PROVIDED MATERIAL:
======

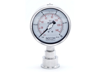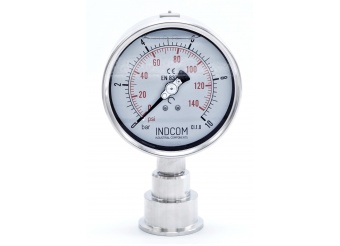 Celonerezový tlakoměr, číselník 100 mm, s oddělovací membránou CLAMP DIN32676 - límeček 50.5 mm
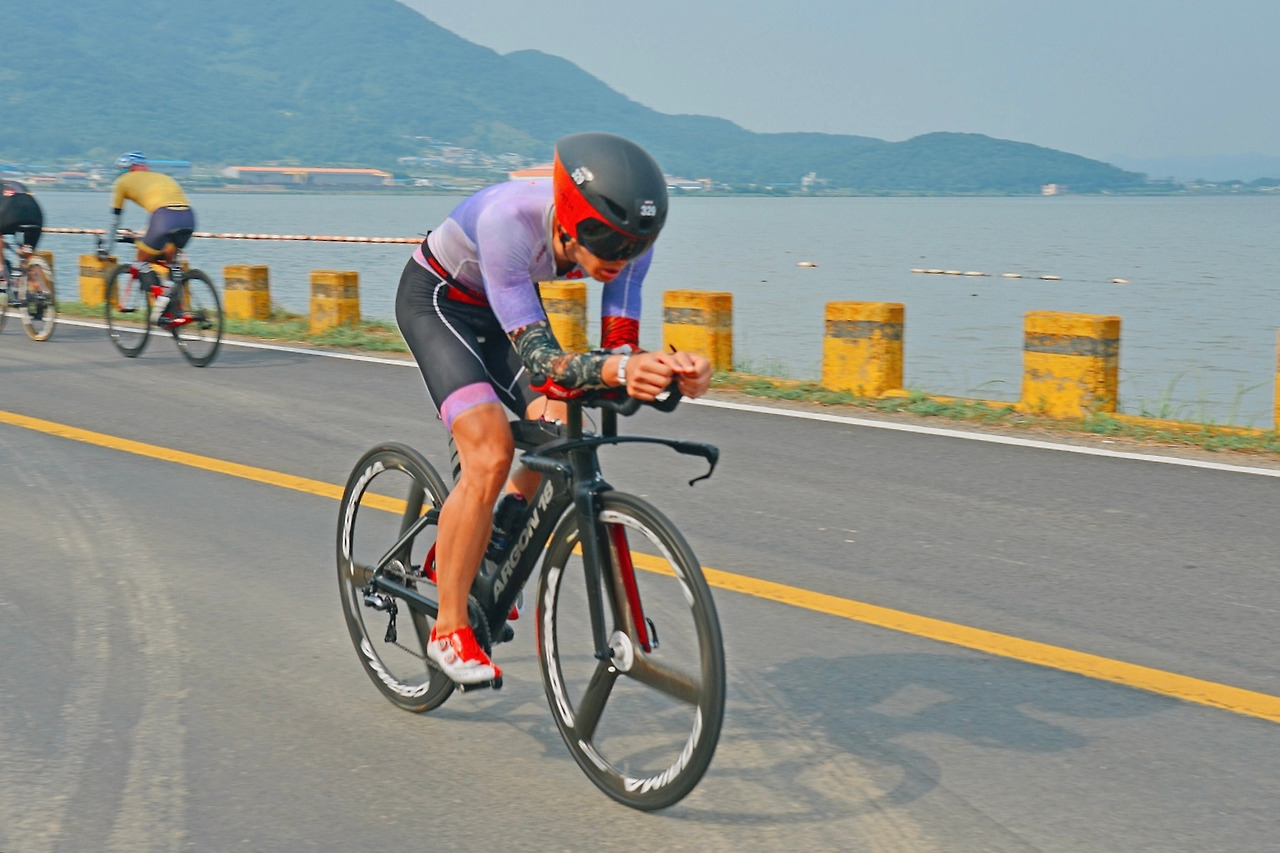 실수가 있었다. 사이클 핸들 위에 거치해 둔 헬멧을 들어 올리는 과정에서 핸들에 부딪히며 바이저를 떨어뜨렸다. 헬멧에 부착하는 바이저가 마그네틱 자석 방식이라 다행히 부러지지는 않았지만 순간 당황하였다. 우선 헬멧을 쓰고 바이저를 부착하자는 생각에 서둘러 헬멧을 썼는데 머리에 들어가질 않는다. 너무 당황한 나머지 수모와 수경을 벗지 않았던 것이다. 뒤늦게 수모와 수경을 벗어 바구니 백에 담고 다시 헬멧을 쓰고 바이저를 부착하였다. 핸들바에 거치한 사이클링 컴퓨터 전원을 켰다. GPS워치로도 실시간 기록을 측정하고 있지만 별도의 사이클링 컴퓨터는 필수다. 애어로 포지션을 유지한 채 가장 보기 편하고 좋은 위치에 미리 거치해둬야 하고, 무엇보다 랩파워를 실시간 체크하며 내 다리로 소비하는 파워를 확인해야 하기 때문이다
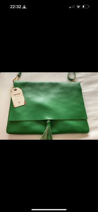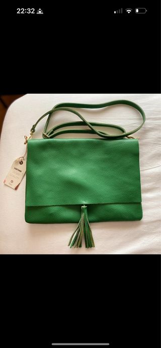 Bolso de piel con un diseño moderno y elegante. Cuenta con un detalle de flecos en la parte frontal. - Material: Piel. - Cierre de solapa. - Correa ajustable. - Correa larga para llevar en bandolera
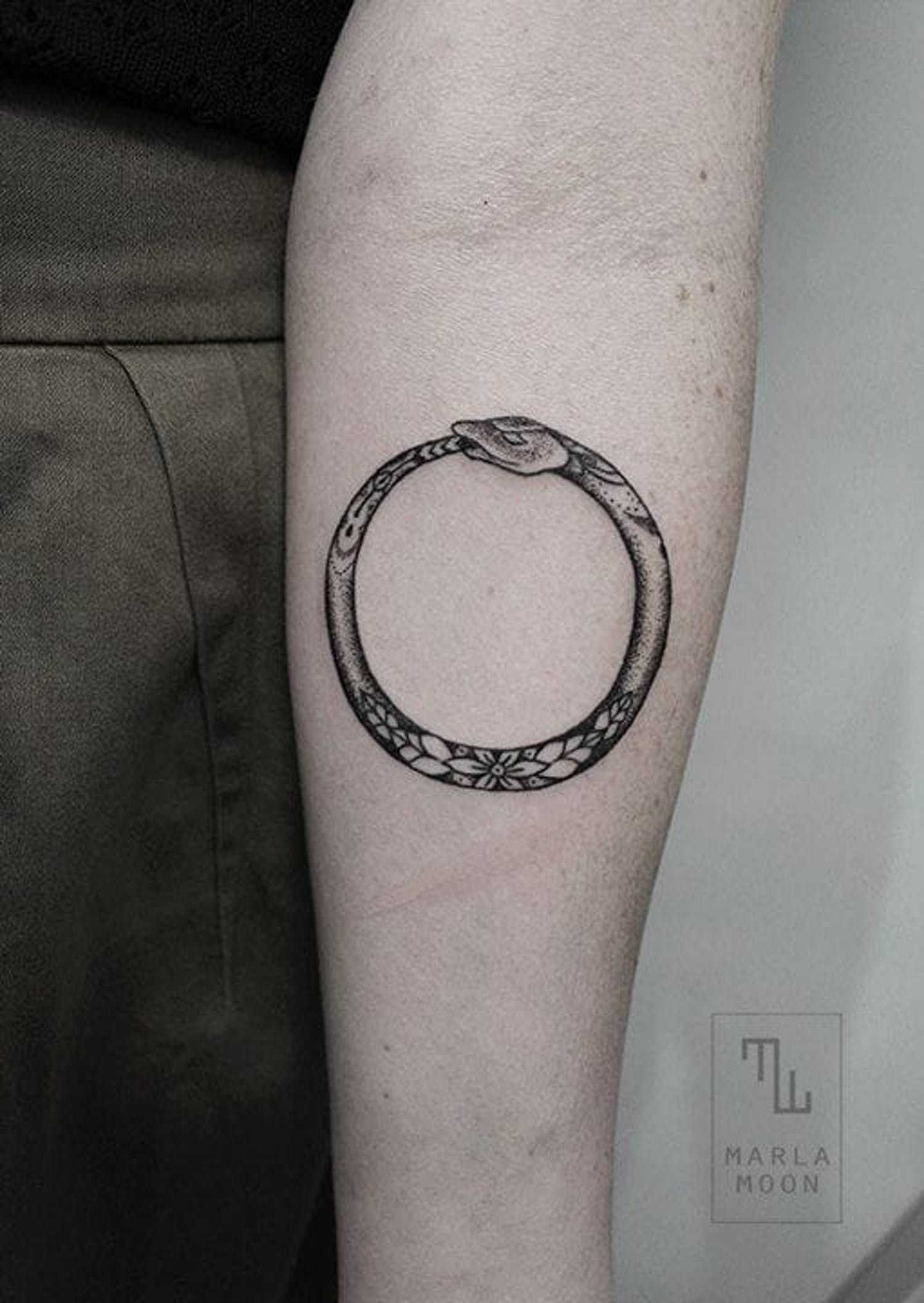Кроме того, обладательница такой татуировки понимает непрерывность бытия. Однако иногда девушки и женщины старшего возраста делают эффектные тату в виде круга по причине оригинальности рисунка, а не из-за особого символического значения.

======

REQUIRED ACTION: Nothing but the lines from the first line of the listing above to the line containing "Bolso de piel" should appear in the answer, each one exact and with no pictures.

FINISHED EXERCISE:
 Celonerezový tlakoměr, číselník 100 mm, s oddělovací membránou CLAMP DIN32676 - límeček 50.5 mm
 실수가 있었다. 사이클 핸들 위에 거치해 둔 헬멧을 들어 올리는 과정에서 핸들에 부딪히며 바이저를 떨어뜨렸다. 헬멧에 부착하는 바이저가 마그네틱 자석 방식이라 다행히 부러지지는 않았지만 순간 당황하였다. 우선 헬멧을 쓰고 바이저를 부착하자는 생각에 서둘러 헬멧을 썼는데 머리에 들어가질 않는다. 너무 당황한 나머지 수모와 수경을 벗지 않았던 것이다. 뒤늦게 수모와 수경을 벗어 바구니 백에 담고 다시 헬멧을 쓰고 바이저를 부착하였다. 핸들바에 거치한 사이클링 컴퓨터 전원을 켰다. GPS워치로도 실시간 기록을 측정하고 있지만 별도의 사이클링 컴퓨터는 필수다. 애어로 포지션을 유지한 채 가장 보기 편하고 좋은 위치에 미리 거치해둬야 하고, 무엇보다 랩파워를 실시간 체크하며 내 다리로 소비하는 파워를 확인해야 하기 때문이다
 Bolso de piel con un diseño moderno y elegante. Cuenta con un detalle de flecos en la parte frontal. - Material: Piel. - Cierre de solapa. - Correa ajustable. - Correa larga para llevar en bandolera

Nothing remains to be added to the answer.